(Stored data entries)
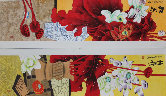 荷花四条屏-姜子雅
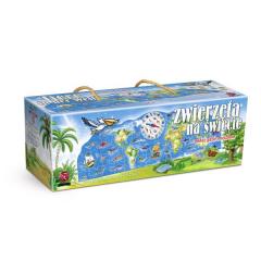 Duże, kolorowe puzzle z mapą świata, która przedstawia najpopularniejsze zwierzęta zamieszkujące kontynenty i oceany. Zadaniem graczy jest umieszczanie żetonu z danym zwierzątkiem na odpowiednim miejscu na mapie. Dodatkowym atutem gry jest kompas z ruchomą wskazówką. Wiek: od 5 lat.
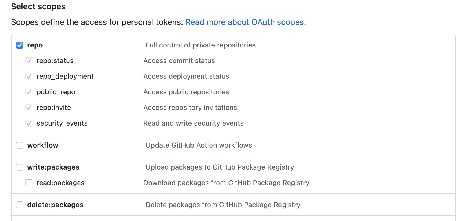 Important: To use the event-based test automation feature or synchronize the repository with Polaris, the GitHub personal access token (classic) that you use for the integration (created by a GitHub Organization Owner) requires the additional scopes: read:org (under admin:org), and admin:org_hook. See GitHub Personal Access Token Requirements for SCM Integration Monitoring for more information.Note: For more information on creating access tokens, see the GitHub documentation. - Set the token's expiration date. To avoid issues, we recommend
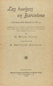 1904. LIBRO: (BARCELONA). SASTRE, MIGUEL: LAS HUELGAS EN BARCELONA Y SUS RESULTADOS DURANTE EL AÑO 1903. Prólogo de Bartolomé Amengual. Barcelona: Est. Tip. Ramón Pujol, 1904. 4º menor. 120 p. Rústica. Incluye la...
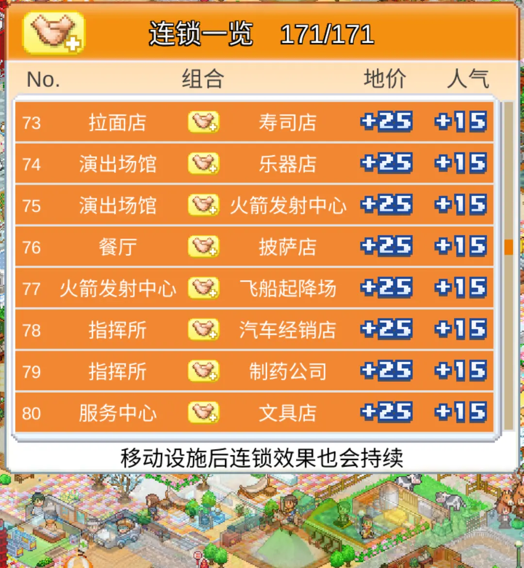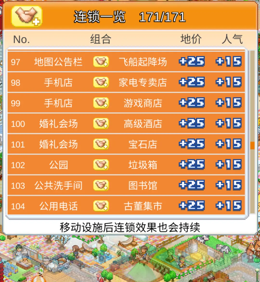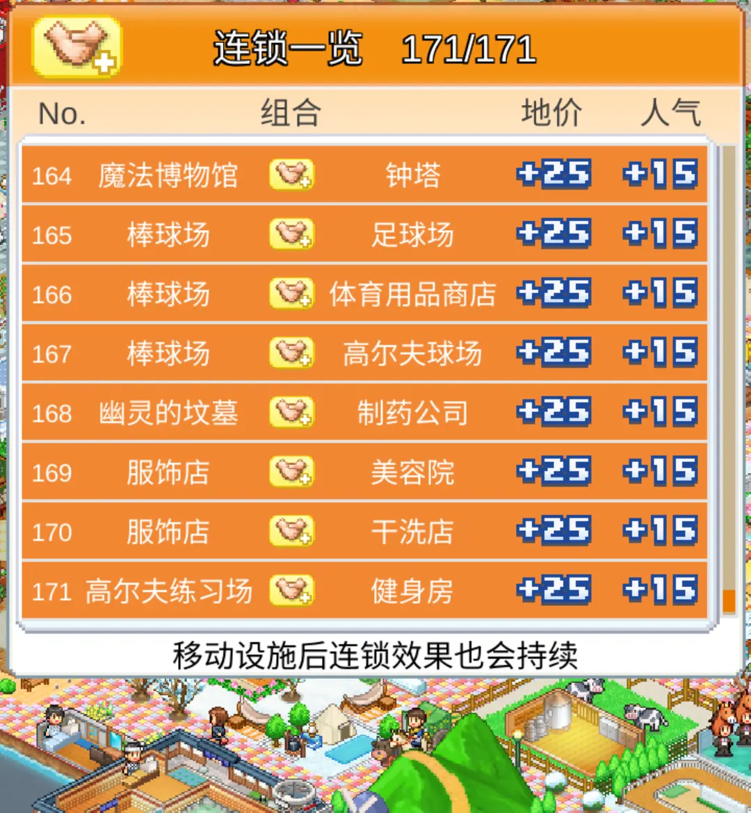 每个组合的效果均为:价值 +25、人气 +15(组合即使移动设施后仍有效)。
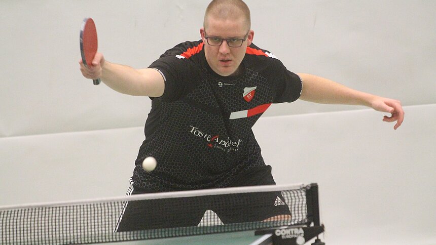 Hittfelds Bester, Daniel Bruns, führte nach 1:1-Sätzen mit 3:0 im dritten gegen Jan Louis Gerth (im Bild zu sehen), als dieser mit Time Out unterbrach. Den Satzgewinn des Hittfelders verhinderte er damit nicht, doch im fünften führte der Todtglüsinger bei Seitenwechsel mit 5:1. Die Bruns-Auszeit bei 7:3-Führung seines Gegenübers verhinderte die Niederlage nicht beim ausgepowerten und auch etwas angeschlagenen Hittfeld-Leader. Zeitgleich endete auch die Partie am Nebentisch, einem Einzel, bei dem nichts fehlte. Hittfelds Patrick Liebers führte gegen Todtglüsingens Finn Tiedemann mit 2:0-Sätzen. Bei 8:9 im dritten Durchgang fehlten nur noch drei Bälle zum Sieg. Doch die Auszeit des Top-Akteurs der Gäste änderte alles. Bälle aus der Habdistanz mit viel Energie oder der trockene Block am Tisch – die „Todtglüsinger Wand“ blieb gnadenlos bis zum Matchball, der im Tischeck auf der Rückhandseite des Hittfelders landete. Auch die Einzel im unteren Paarkreuz blieben unterhaltsam, technisch und taktisch anspruchsvoll, begleitet von dem einen oder anderen kurzen, emotionalen Gefühlsausbruch. Marcel Hiller, meist an der Hallentrennwand oder Boxbegrenzung zu finden, brachte die Kugel öfter mit Bogenbällen zurück auf den Tisch. Doch der letzte Return fand nicht den Weg über das Netz und Gerhard Petruschat brachte sein Team so mit 4:1 in Front. Parallel lief vielleicht das beste Match des Abends. Hittfeld-Oldie Holger Mengel drehte seinen Schläger fast bei jedem Ballwechsel. So kamen die Returns des 70jährigen mal mit dem Antibelag, mit geringer Geschwindigkeit oder mit satter Power auf der anderen Seite des Spielgerätes zurück auf den Tisch. Ein Aufschlagfehler Fabian Schrötkes führte zum 2:2-Satzausgleich für den Hittfelder. Auch bei 5:4-Führung Schrötkes bei Seitenwechsel im fünften war weiter alles offen. Dann zog der Gäste-Akteur davon. Den Schrötke-Netzball bekam Mengel noch. Den anschließenden Schmetterball zum Spielgewinn des Todtglüsinger aber nicht mehr. Finn Tiedemann vollendete im nächsten Einzel zum 6:1-Endstand. Beim Matchball flog der Daniel-Bruns-Rückhandball über den Tisch und der Todtglüsinger SV erreichte damit als erstes Team des Herren-A-Pokals das Halbfinale als Titelverteidiger dieses Wettbewerbs.
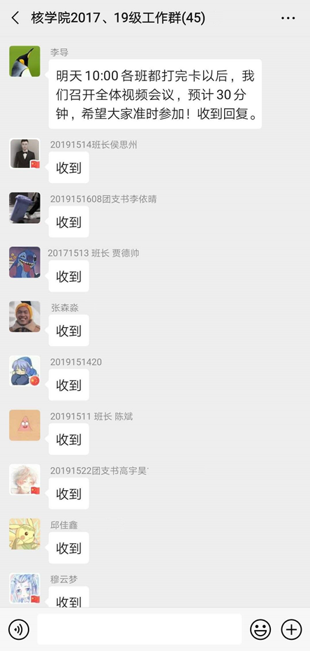 新冠肺炎疫情牵动着全国人民的心,疫情就是命令,防控就是责任。在这场疫情防控阻击战中,核科学与技术学院的全体辅导员在学院党委书记谭思超、副书记田凯的带领下,迅速响应号召,进入“战疫”状态。面对分布在祖国各地的1295名我院学生,他们放弃休息,绷紧神经,每天对每名学生身体状况进行精准摸排,做学生思想引领、心理疏导,整理转发疫情知识和科学防控方法……这些“战士”用实际行动全力保障防控措施落实,以点点滴滴工作践行守土有责、守土担责、守土尽责,为打赢疫情防控阻击战默默地贡献着自己的力量。
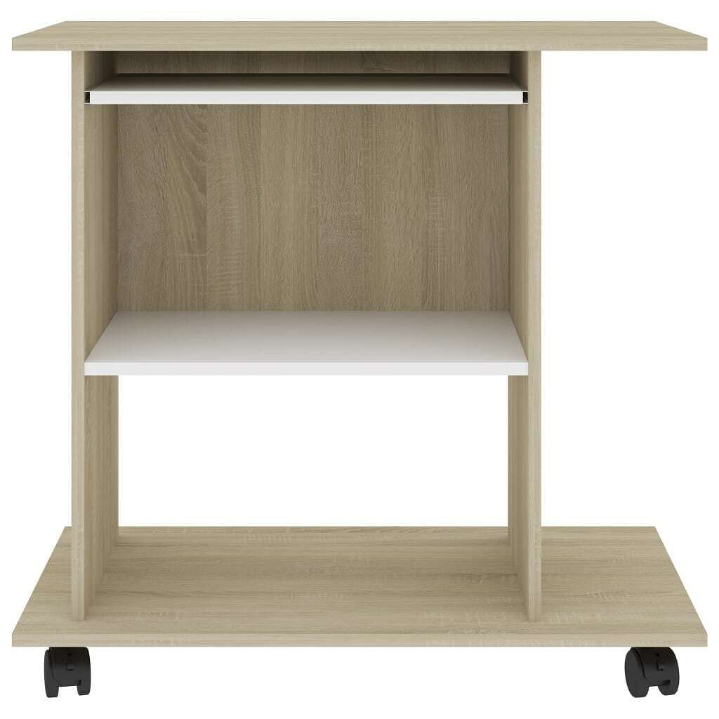 This modern design boasts a stunning white and Sonoma oak combo, making it a great focal point for your workspace. The desk maximizes space efficiency with its compact size, perfect for smaller rooms or apartments. With three pull-out shelves, it provides plenty of storage for your office bits and pieces, keeping you organized and focused. The smooth wheels let you move it around easily, so you can rearrange your workspace whenever you fancy. Built from sturdy engineered wood, this desk is durable and stable, perfect for your daily tasks and all your office gear. Color: White Shape: Rectangular Material: Engineered wood Finish: Matte Indoor/Outdoor: Indoor Only Cover Included: No Room: Office Dimensions: 19.7 x 31.5 x 29.5 in (W x L x H) Min-Max Dimensions: 0 Surface Height: 0.6 in Wheel Diameter: 2 in Weight: 49.23 lbs Delivery Contains: Computer desk components, assembly manual Assembly Required: Yes Recommended Number of People for Assembly: 2
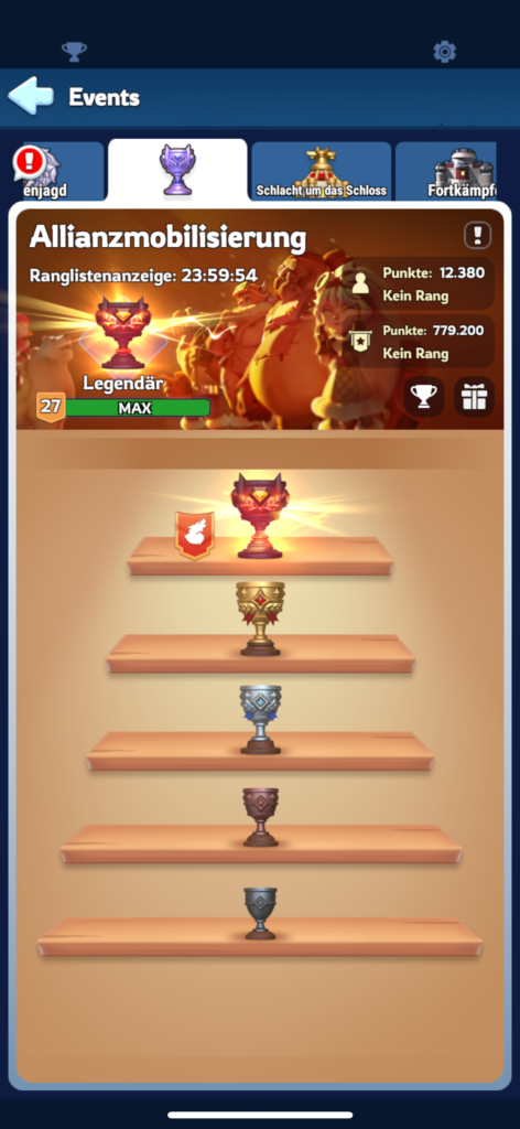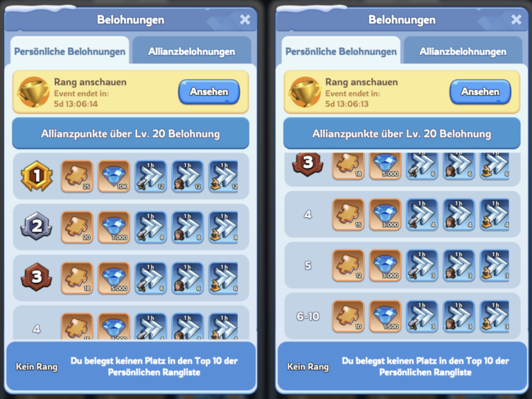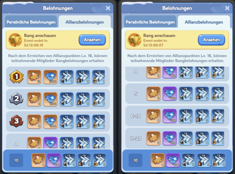 Wenn deine Allianz die höchste Stufe, also „Legendär“ erreicht, bleibt diese dort. Wenn deine Allianz jedoch unter den letzten drei Rängen landet, wird sie herabgestuft. Dauerhaft niedrige Ränge halten deine Allianz in einer niedrigeren Stufe. Jede Stufe bietet einzigartige Belohnungen für das persönliche Ranking, das Allianz Ranking und das Allianz-Denkmal.
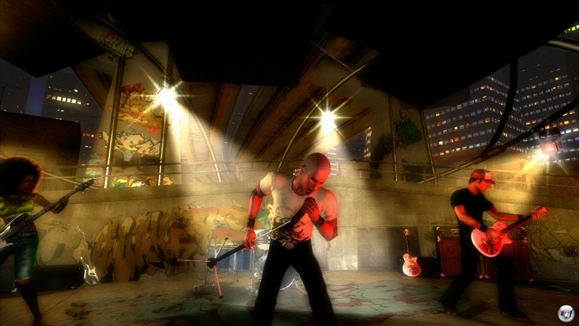 [GUI_FLVPLAYER(width=300,height=188,STREAMINGID=18473,image=http://static.4players.de/premium/ContentImage/50/47/124938-bild.jpg)] Video: Im Gegensatz zu Rock Band & Co bietet Rock Revolution lediglich Cover-Versionen, die überwiegend amateurhaft klingen.
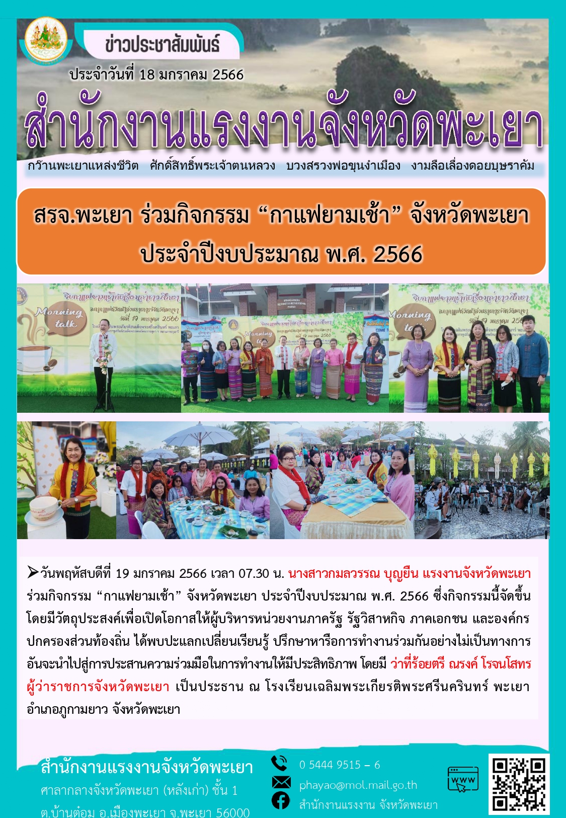 สรจ.พะเยา ร่วมกิจกรรม “กาแฟยามเช้า” จังหวัดพะเยา ประจำปีงบประมาณ พ.ศ. 2566

WHAT TO DO: Print out the entries above word for word from the first line to the line containing "每个组合的效果均为:价值 +25、人气 +15(组合即使移动设施后仍有效)。", both included, omitting the pictures.

RESPONSE TO THIS EXERCISE:
 荷花四条屏-姜子雅
 Duże, kolorowe puzzle z mapą świata, która przedstawia najpopularniejsze zwierzęta zamieszkujące kontynenty i oceany. Zadaniem graczy jest umieszczanie żetonu z danym zwierzątkiem na odpowiednim miejscu na mapie. Dodatkowym atutem gry jest kompas z ruchomą wskazówką. Wiek: od 5 lat.
 Important: To use the event-based test automation feature or synchronize the repository with Polaris, the GitHub personal access token (classic) that you use for the integration (created by a GitHub Organization Owner) requires the additional scopes: read:org (under admin:org), and admin:org_hook. See GitHub Personal Access Token Requirements for SCM Integration Monitoring for more information.Note: For more information on creating access tokens, see the GitHub documentation. - Set the token's expiration date. To avoid issues, we recommend
 1904. LIBRO: (BARCELONA). SASTRE, MIGUEL: LAS HUELGAS EN BARCELONA Y SUS RESULTADOS DURANTE EL AÑO 1903. Prólogo de Bartolomé Amengual. Barcelona: Est. Tip. Ramón Pujol, 1904. 4º menor. 120 p. Rústica. Incluye la...
 每个组合的效果均为:价值 +25、人气 +15(组合即使移动设施后仍有效)。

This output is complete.